Figure 2: Annotation tool in ArcGIS Pro and IVT map for Jan 1, 2010. ARs were identified based on their shape and IVT values ~ $500$ $kg$ $m^{-1}$ $s^{-1}$. A polygon shapefile was drawn to define the boundaries of each identified object and labelled using the ‘Label Objects for Deep Learning’ tool as ‘Atmospheric River’ or ‘Ambiguous’.

alt text

Figure 3: Polygon shapefiles representing the ‘Atmospheric River’ and ‘Ambiguous’ objects identified for the Jan 1, 2010. These polygons are saved in the shapefile ivt_2deg_01012010_labelled.shp in folder AR_Global.

3. Generating a dataset for deep learning training

The tool ‘Export Training Data for Deep Learning’ uses the IVT maps in the ‘AR_Global’ folder and the shapefiles in the ‘IVT_ERA5_2Deg’ folder to create labelled tiles for deep learning training. All tiles are identical in dimensions, with a width of 40 pixels and a height of 20 pixels. This size is appropriate for capturing the ARs (Figure 4). Horizontal and vertical strides of 20 and 10 pixels, respectively, were applied to ensure that if an AR is cut in one tile, it would appear complete in the next. Each map generated a total of 28 tiles (TIFF files) for each global IVT map. Each tile is assigned a label: ‘Atmospheric River’, ‘Ambiguous’, or no label if it doesn’t contain any AR or ambiguous shape. The generated map chips are stored in folder Training_Testing_tiles/ RCNN_Masks_All_Tiles (no 3-10-15)/images, and the labels are provided in the textfile ‘map.txt’ file in folder Training_Testing_tiles/ RCNN_Masks_All_Tiles (no 3-10-15)/.

alt text

Figure 4: Tile sizes in relation to the size of the global map.

Data description:

Folder: Training_Testing_tiles/ RCNN_Masks_All_Tiles (no 3-10-15)/images
File format: TIFF
Spatial resolution: 2 degrees
Spatial coverage: varies.
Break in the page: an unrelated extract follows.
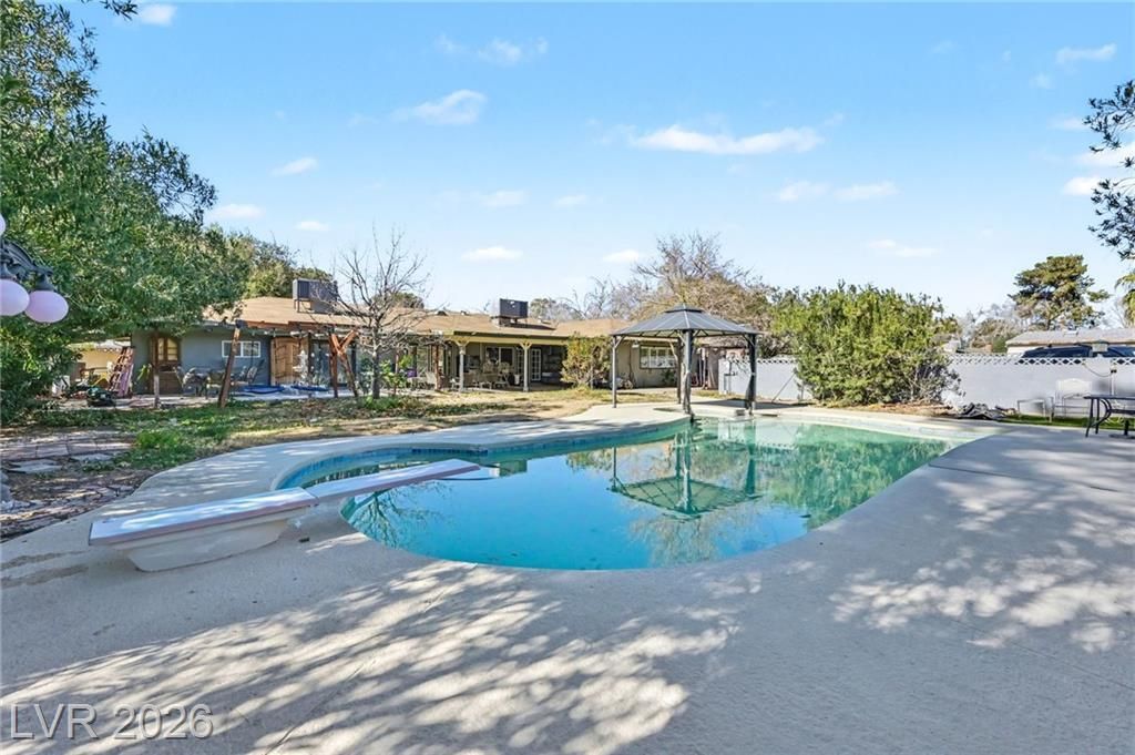 Tucked in one of Vegas' most desirable neighborhoods, this custom single-story home offers 3BR/2BA plus an attached mother-in-law suite with private entrance, kitchen, laundry, walk-in closets & step-down shower?once part of the main home, creating a potential 5BR layout. The kitchen greets you with a large window overlooking a whimsical backyard with grape vines, fruit trees & grass. The pool, which has a built in diving board, is a refreshing way to enjoy your summers in your new backyard. Brick details, load-bearing walls, primary suite with backyard access & custom tub, gated parking, RV space, and restored front yard. Strong bones, endless potential, no HOA, minutes from Strip & airport.

Width of tile = 40 gridcells. Height of tile = 20grid cells
Geographic Coordinate System: GCS_WGS_1984
Temporal coverage: 1st – 5th day of January, April, July, October for 2010, 2013, 2015. These years correspond to La Niña, neutral, and El Niño year respectively. Please note that data for certain days are missing; these omissions correspond to days with no or only a single
Temporal resolution: Daily
Number of files: varies
Number of channels in each file: 1

In the Jupyter notebook, we’ll show you how to use this data to train a deep learning model to identify atmospheric rivers in Integrated Vapor Transport maps.

References

CLEX Briefing note: Atmospheric Rivers in Australia, Kim Reid, 2022 https://climateextremes.org.au/atmospheric-rivers-in-australia/

Reid, K. J., King, A. D., Lane, T. P., & Short, E. (2020). The sensitivity of atmospheric river identification to integrated water vapor transport threshold, resolution, and regridding method. Journal of Geophysical Research: Atmospheres, 125(20), e2020JD032897.

Reid, K. J., O’Brien, T. A., King, A. D., & Lane, T. P. (2021). Extreme water vapor transport during the March 2021 Sydney floods in the context of climate projections. Geophysical Research Letters, 48(22), e2021GL095335.